There are 53,043 entries in the dataset, indexed from 0 to 53,042.
2. Columns:

The dataset contains 3 columns:
Unnamed: 0: This is an integer column with no missing values (int64). It seems like an index column or could be an irrelevant placeholder (possibly from the dataset loading process).
statement: This column contains text data (object type), but has 52681 non-null entries, meaning 362 entries have missing values (53,043 - 52,681 = 362).
status: This is another column with string/object data, representing the mental health status, and it has no missing values.
3. Memory Usage:

The dataset takes up approximately 1.2 MB of memory, which gives an idea of its size.
4. What You Can Infer:
**The column statement contains some missing values, which you need to handle before further analysis (the author of the code fills these missing values with empty strings).
The Unnamed: 0 column may be unnecessary (possibly an index or placeholder), and you can consider dropping it.
status is a complete column with no missing values, so it's ready for analysis.
In summary, you need to handle the missing values in statement, and you might want to investigate the purpose of Unnamed: 0.**

**checking for missing values in each column using df.isnull().sum().** This step is crucial for identifying columns that may need imputation or removal of null values before further analysis.

In [None]:
print("Missing Values:")
print(dataset.isnull().sum())

a **histogram to visualize the distribution of the 'status' column (presumably representing the mental health status of individuals in the dataset). The goal here is to see how the statuses are spread out across the dataset, which can help reveal imbalances or trends.**

In [None]:
import plotly.express as px
fig = px.histogram(dataset, x='status', title='Distribution of Mental Health Status')
fig.show()


**filling missing values in the 'statement' column with empty strings (''). This ensures there are no null values in the 'statement' column, which is likely important for further text-based analysis.**

In [None]:
dataset['statement'] = dataset['statement'].fillna('')


In [None]:
print("Missing Values:")
print(dataset.isnull().sum())

**calculating the length of each text entry in the 'statement' column by splitting the text into words and counting them. This is stored in a new column called 'text_length'.**

In [None]:
dataset['text_length'] = dataset['statement'].apply(lambda x: len(str(x).split()))
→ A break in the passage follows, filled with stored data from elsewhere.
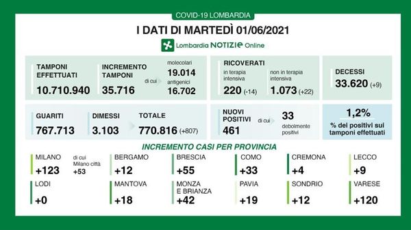In Regione i contagi delle ultime 24 ore sono stati 461, a fronte di 35.716 tamponi e un tasso di positività dell’1,2 per cento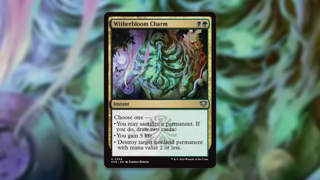 Importantly, Witherbloom Command also fills this role and is quite an underrated new addition to the deck. Besides just answering small creatures, this Instant tags problematic noncreature permanents. Plus, using the first mode in attrition battles or the second mode post-Planeswalker ultimate can be quite strong.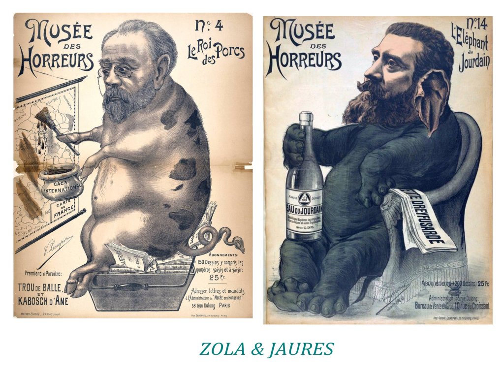 Grands mais souvent immondes. Sexisme et misogynie, antisémitisme suintant du côté des républicains, des catholiques comme des anti-cléricaux. Racisme envers les colonisés. La virtuosité des artistes est au service de causes malodorantes, mais hélas aux relents contemporains.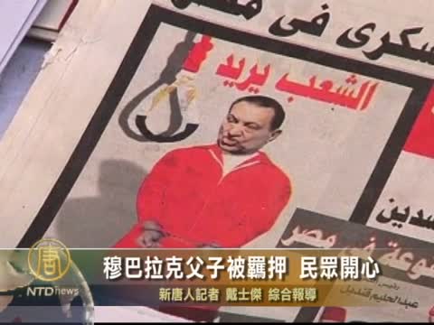 【新唐人2011年4月13日訊】埃及檢控官員星期三宣佈,前總統穆巴拉克將被拘押15天,以對其進行腐敗調查。警方同時證實,穆巴拉克的兩個兒子已被當局逮捕, 同樣拘留15天。消息傳來,埃及居民表示感到非常開心。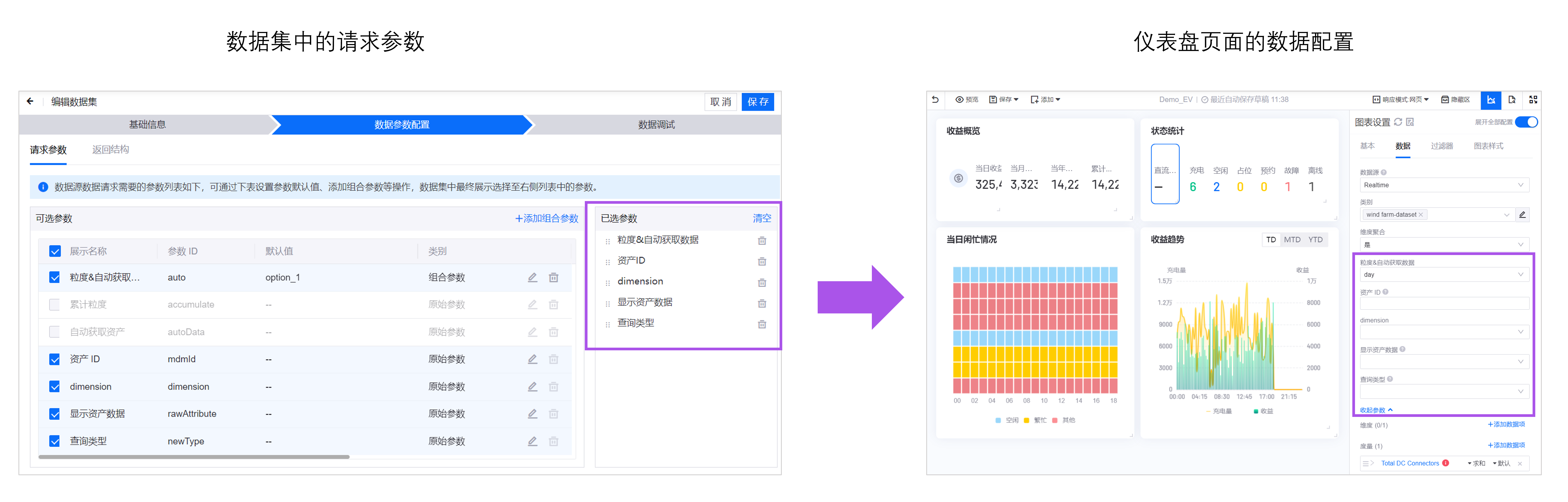 请求参数是页面的组件在请求数据时向数据源发送的参数。创建数据集后,需要为数据集定义请求参数。例如,为仪表盘组件选择数据集后,需为组件配置已选的请求参数的值。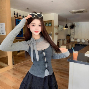 韩系辣妹蝴蝶结两件套长袖t恤女2025早秋季纯欲风修身打底衫上衣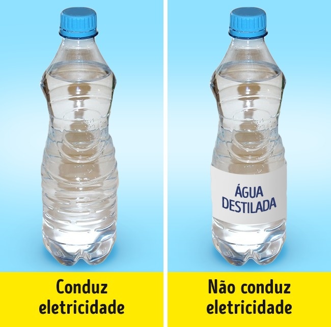 Na realidade: não é a água, e sim os minerais dissolvidos, carregados de partículas positivas e negativas, que conduzem a eletricidade. Portanto, a água destilada, por não conter minerais, não conduz eletricidade.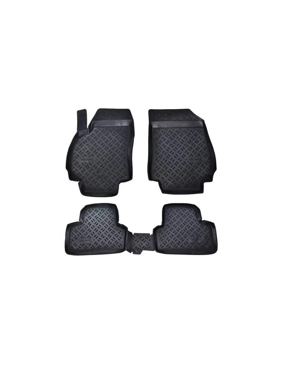 Российские коврики "Элерон" сделаны под модель Chevrolet Orlando (2010-)(2 ряда) и не подходят на другой автомобиль.Резиновые коврики на Chevrolet Orlando (2010-)(2 ряда) имеют перемычку на тоннель,совмещенную с одним из задних ковриков;места для штатных креплений;высокий борт около 3см.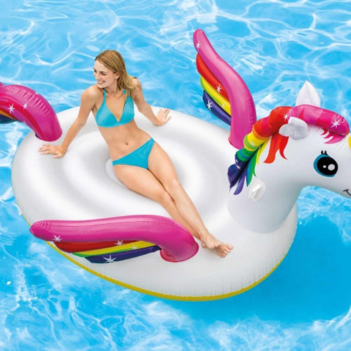 Beautiful unicorn ride-on seat from Intex in different colours and printed with stars, making staying in the pool a real pleasure.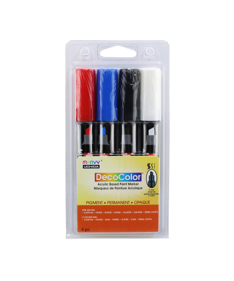 Create bold, versatile strokes with the DecoColor® Acrylic Paint Markers, Chisel Tip, Basic Colors Set of 4 by Marvy Uchida®. Designed for smooth application on a wide range of craft and art surfaces, this marker features a 3-way chisel tip that allows artists to produce broad strokes, thin lines, and precise angled marks with a single tool. The opaque, pigmented acrylic paint is acid free, non-toxic, and permanent when dry, making it ideal for both indoor and outdoor projects. It works beautifully on wood, plaster, foam, walls, paper, terra cotta, and other porous or semi-porous surfaces. These markers are an excellent choice for school projects, decorative outdoor crafts like painted flower pots and benches, signage, and general arts-and-crafts creativity. Easy to control and reliable in coverage, the DecoColor® Acrylic Chisel Tip Marker offers strong color payoff and durable performance for students, hobbyists, and creative makers. Colors included: black, white, red, blue.
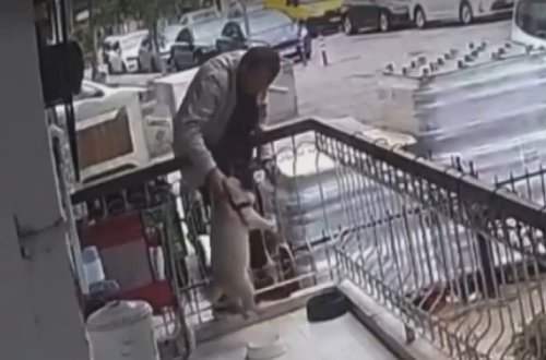 Öte yandan meydana gelen olay apartmanda bulunan güvenlik kamerası tarafından görüntülendi. Görüntüde bir kişinin korkuluklara tutunarak balkona çıktığı, daha sonra da köpeğin tasmasından tutup alarak gittiği anlar yer aldı.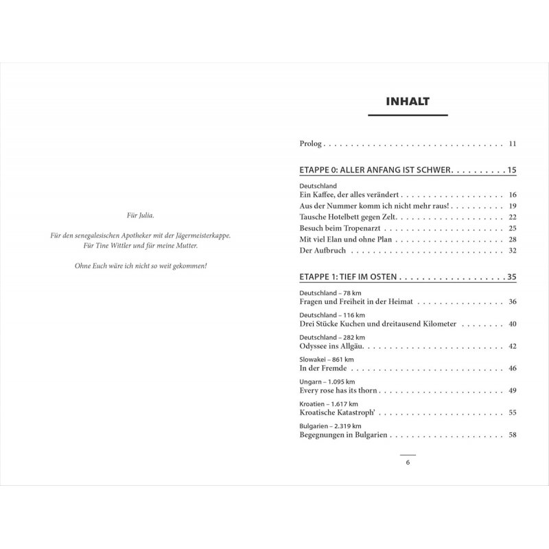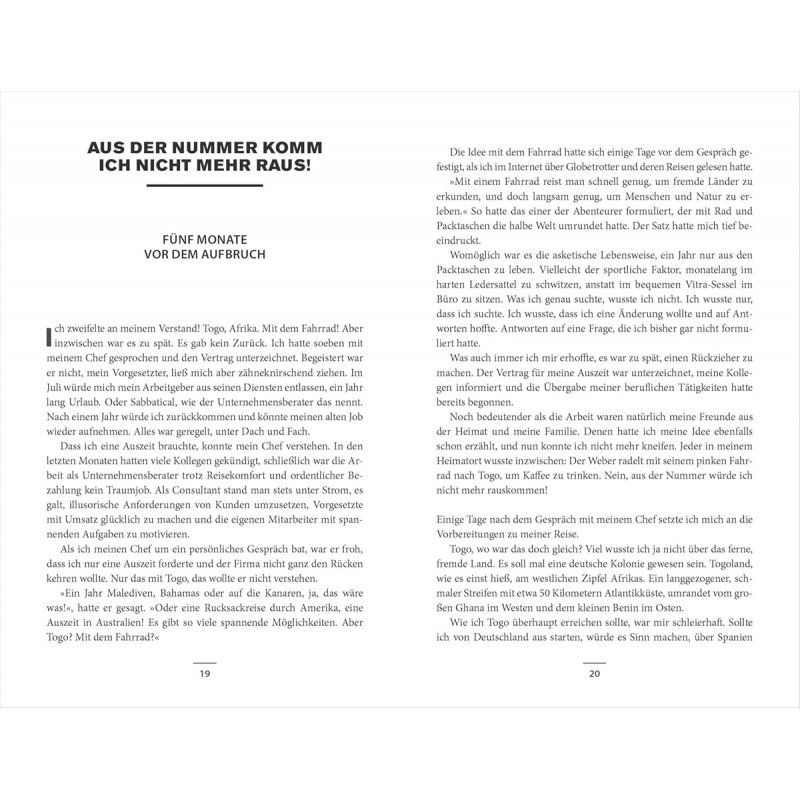 Der Unternehmensberater Markus Weber wirft seine heile Welt über den Haufen und stürzt sich Hals über Kopf in ein Abenteuer. Er setzt sich auf sein Fahrrad und fährt los – durch 26 Länder, bis nach Togo. Er fährt per Anhalter durch die Sahara, radelt durch den guineischen Regenwald und schmuggelt sich in Liberia über geschlossene Grenzübergänge. Alles, um zwei Fragen zu beantworten: Wer bin ich? Und: Gibt es eigentlich Coffee to go in Togo?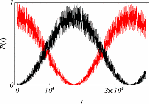 Dynamics for a chain of eight sites. Full transfer can be achieved and he fast oscillations represent the deviation of the real dynamics from the two-level approximation.

**to relate text length to other variables (e.g., text length vs. mental health status), you can use a scatter plot to show how the length varies across different categories.**

In [None]:
fig = px.scatter(dataset, x='status', y='text_length', title='Text Length vs Mental Health Status')
fig.show()


In [None]:
import re
import string
import nltk
from nltk.corpus import stopwords
from nltk.tokenize import word_tokenize
from sklearn.model_selection import train_test_split, GridSearchCV
from sklearn.feature_extraction.text import TfidfVectorizer
from sklearn.linear_model import LogisticRegression
from sklearn.metrics import confusion_matrix, classification_report, accuracy_score
import plotly.figure_factory as ff
from textblob import TextBlob
import numpy as np
from wordcloud import WordCloud
import matplotlib.pyplot as plt
import plotly.express as px
import plotly.graph_objects as go

# Splitting the data

In [None]:
X = dataset['statement']
y = dataset['status']

In [None]:
X_train, X_test, y_train, y_test = train_test_split(X, y, test_size=0.2, random_state=42)

# Vectorization

In [None]:
vectorizer = TfidfVectorizer(max_features=10000)
X_train_tfidf = vectorizer.fit_transform(X_train)
X_test_tfidf = vectorizer.transform(X_test)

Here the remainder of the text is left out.